YOUR GOAL. Copy word for word the line containing "- 產品目錄:調整商品列表頁" together with all lines following it to the end of the listing below, without the pictures.

SOURCE DATA.
▬▬▬
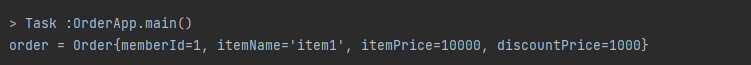 Order 객체는 주문자ID, 상품명, 상품가격, 할인가격을 가지도록 만들어주었다. (ITEM상품 객체를 안만드신게 찜찜..)
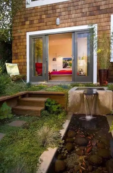 后院,家人最喜欢的活动空间,仅仅绿植和木平台显然不够。加一条叠水小溪流,池子里铺满鹅卵石,看着凸起的野草,听着哗啦啦的水流响起,宛如走进山水田园。
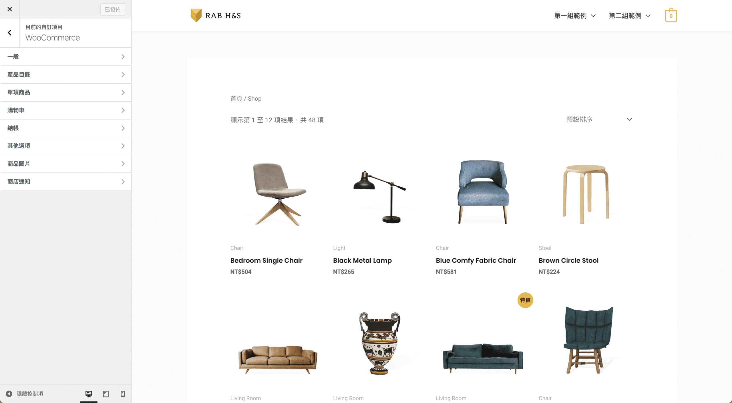 - 產品目錄:調整商品列表頁排版,是否顯示分類、篩選器、商品資訊、加入購物車按鈕等等。
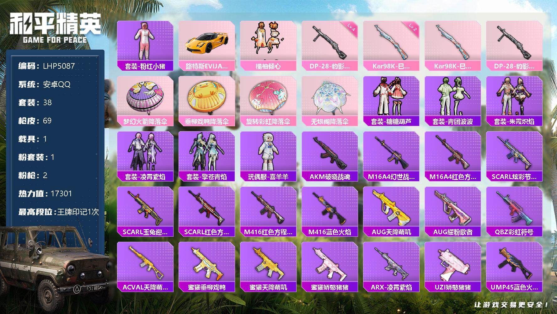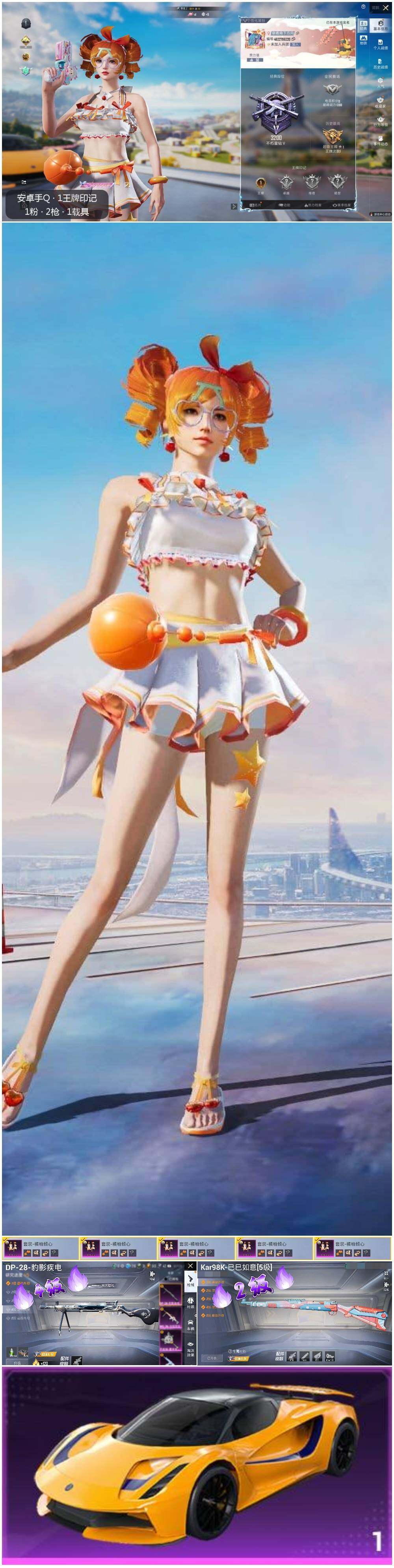 [12213399]【特价急出/详情看图】:安卓 手Q-1粉装-2特效枪-1载具-1.7w热力值-1王牌印记-38套装-69枪皮【热门品类】:套装-粉红小猪【粉色载具】:路特斯EVIJA(星际黄)【粉色套装】:粉装-橘柚倾心【粉色枪皮等级】:Kar98K-巳巳如意(二级),DP-28-豹影疾电(四级)
▬▬▬
WRITTEN ANSWER.
 - 產品目錄:調整商品列表頁排版,是否顯示分類、篩選器、商品資訊、加入購物車按鈕等等。
 [12213399]【特价急出/详情看图】:安卓 手Q-1粉装-2特效枪-1载具-1.7w热力值-1王牌印记-38套装-69枪皮【热门品类】:套装-粉红小猪【粉色载具】:路特斯EVIJA(星际黄)【粉色套装】:粉装-橘柚倾心【粉色枪皮等级】:Kar98K-巳巳如意(二级),DP-28-豹影疾电(四级)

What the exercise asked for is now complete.